The San Francisco Bay Area is responsible for a large chunk of hip-hop history and culture. You can still spend some quality time there today, from Silicon Valley up to Vallejo, Richmond to the City (seriously, don’t ever call it “Frisco”), getting hyphy at the Playaz Club or go on a Fonky Expedition, ghost riding your whip, blowing the whistle, and just generally roaming around the Yay with some real Freaks of the Industry if you’ve Got 5 On It while you’re Too Legit to Quit and really feelin’ yourself.
If you’re counting, that’s two E-40 references and one nod to Too $hort, Digital Underground, M.C. Hammer, the Conscious Daughters, Rappin 4 Tay, Mac Dre, and Luniz packed into one sentence. And that’s barely scratching the surface of Bay Area hip-hop lore. In fact, The Inertia Founder Zach Weisberg is angry with me for not finding a way to include Hieroglyphics but I felt like it was already an obnoxiously long sentence to begin with. And that just proves my point, which is why it might be pretty tough for Buell Wetsuits – yes, Buell Wetsuits – to crack that Hall of Fame. I’m not going to knock them for trying, though.
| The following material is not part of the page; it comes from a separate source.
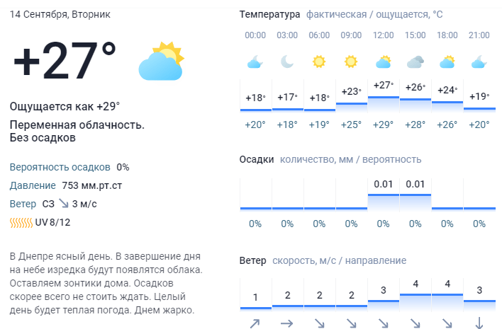 Летнее тепло вернулось в Днепр: погода на вторник, 14 сентября
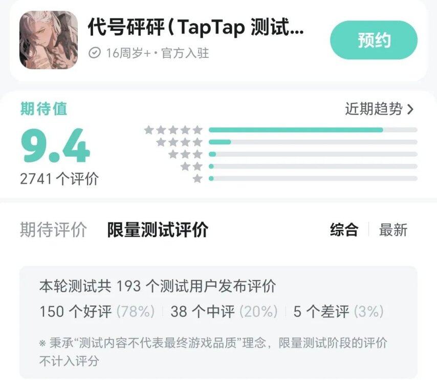 截至目前(5.30号),《代号砰砰》在TapTap已收集到193条测试玩家评价,其中150条好评(78%)、38条中评(20%)及5条差评(3%),整体评价不错。

It turns out Ryan Buell, the Santa Cruz company’s founder, is also a lifelong fan of hip-hop who moonlights as a rapper. “It’s MC Buell,” he says of his stage name. “It is simple. But I’ve been rapping before I was a brand icon. This girl down at the bowling alley said what’s your rap name again? Is it the White Dragon? I said ‘Yes. It is.’ That one never stuck. People didn’t get that. So it’s just MC Buell.” Now, Buell teamed up with fellow Santa Cruz artists, Cruzmatic to make ‘Born in the Water,’ a four-minute ode to…wetsuits. The video is filled with everything rap videos are supposed to be filled with: people dancing their faces off and living the high life in boats, accompanied by the occasional babe or two; except they’re doing it all in wetsuits.
You have your cameos from some of the company’s athletes, like Nic Lamb and a reference to Barney. And all this while only dropping one “hella” in the lyrics.
You’ve never seen a hip-hop music video like this. You’ve also never seen a wetsuit company promote their brand like this.
“I guess I’m the only one that’s not scared to put myself out there and be judged,” Buell says. “People want to put themselves out there more but they don’t because they’re scared of how people will react. But I don’t have that filter.”